A University of Houston College of Pharmacy researcher has joined a $3.2 million effort to develop a promising new treatment for triple-negative breast cancer, one of the most aggressive and difficult-to-treat forms of the disease, accounting for 10-15% of all breast cancer cases.
Wei Wang, UH research associate professor, is part of a team lead by Wei Li, director of the University of Tennessee Health Science Center College of Pharmacy’s Drug Discovery Center. The team is developing a new kind of drug designed to attack MDM2, a cancer-driving protein often found at high levels in triple-negative breast cancer and has been linked to faster tumor growth and worse outcomes for patients.
In the world of breast cancer, the kind termed ‘triple-negative’ dangerously lives up to its name – it grows aggressively, is more likely to have spread by the time it’s discovered and will commonly return after treatment. Still, the name triple-negative means something else, referring to tumors that test negative for estrogen receptors, progesterone receptors and excess HER2 protein. Because TNBC lacks specific targets, it is mostly managed by general chemotherapy.

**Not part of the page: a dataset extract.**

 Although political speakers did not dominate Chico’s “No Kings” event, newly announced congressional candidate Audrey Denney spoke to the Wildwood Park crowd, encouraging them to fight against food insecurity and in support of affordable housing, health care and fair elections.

“The existing chemotherapeutic drugs often have significant side effects and/or develop acquired drug resistance,” said Wang, who has received $1.7 million to support the work of the team in fighting MDM2.
Researchers on Li’s team have discovered a compound that can break down MDM2 directly, stopping it at the source. In early laboratory models, this new compound has already shown the ability to shrink tumors, offering hope for a more effective treatment.

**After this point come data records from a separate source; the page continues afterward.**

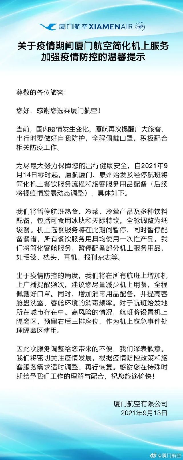 受疫情影響,廈航將從2021年9月14日零時起,簡化廈門、泉州始發(fā)及經(jīng)停航班的機(jī)上餐飲服務(wù)流程和旅客服務(wù)用品配備,后續(xù)將根據(jù)疫情發(fā)展動態(tài)調(diào)整。
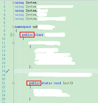 在对外的类和函数前面加上 public,才能被调用,如下:
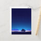 Det här lugna vykortet visar en vidsträckt, djupt indigofärgad natthimmel fylld med en strålande stjärnhimmel och en lysande Vintergata. Ett ensamt träd står i djärv silhuett mot en mjuk blå och violett horisont, där avlägsna kullar och de små, varma ljusen från en tyst by tittar fram genom mörkret. Scenen är färdig med en texturerad, målerisk känsla, som fångar ett ögonblick av djup fred och kosmisk underbarhet. Det här vykortet är ett perfekt val för att skicka en genomtänkt hälsning, en lugnande hälsning eller som en vacker souvenir till alla som finner inspiration i natthimlen.
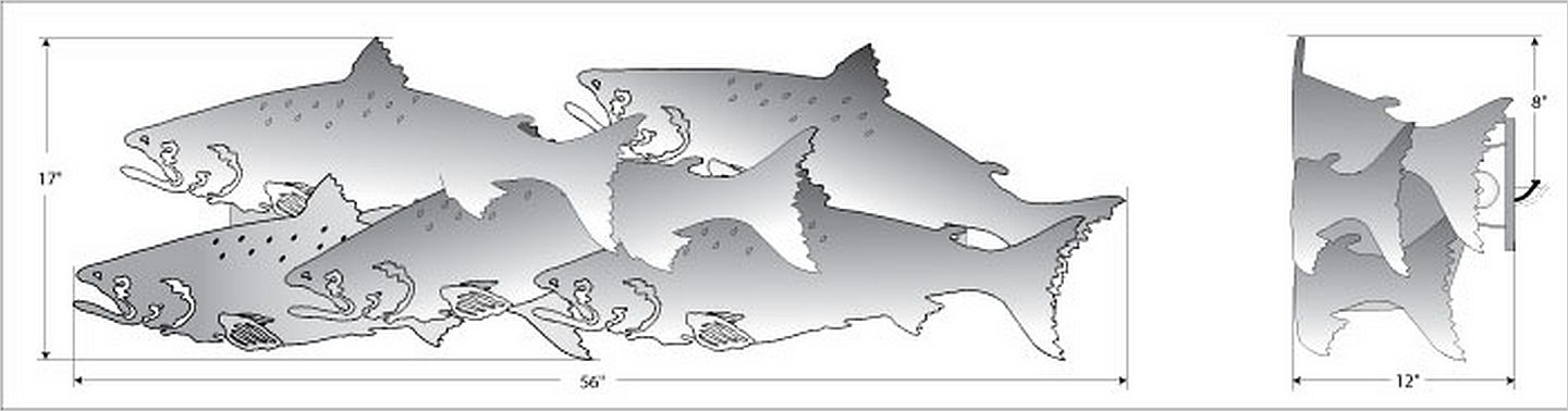 At 5 feet wide, this is our largest sconce. The Big Fish Chinook Salmon Sconce features our unique seven-step hand-painted finishing process. The color and layering of the fish add a lifelike characteristic that gives the effect of the fish swimming amongst one another. Behind the fish is a frost clear diffuser covering the sockets to shield the bulb from top and bottom viewing. Imagine this sconce hanging on your rock fireplace or when you are looking to bring unique rustic lighting to the walls of your log home, cabin or northwood lodge-themed room..

“This work could lead to an entirely new class of therapies for triple-negative breast cancer,” Li said. “We’re hopeful that by directly removing the MDM2 protein from cancer cells, we can help more patients respond to treatment regardless of their tumor type.”
The chemistry and drug design work is being led by the team at the University of Tennessee Health Science Center. At UH, Wang is joined by Ruiwen Zhang, professor of pharmacology and toxicology, and will focus on understanding how the treatment works and evaluating its effectiveness in models that closely mirror human disease.
“We will study how the drug targets MDM2 and evaluate the most promising drug candidates to determine effective dosing, understand how the drug behaves in the body, compare it with existing treatments and assess early safety,” said Wang. “Together, these studies are designed to help move this potential therapy closer to clinical development for patients who urgently need better options.”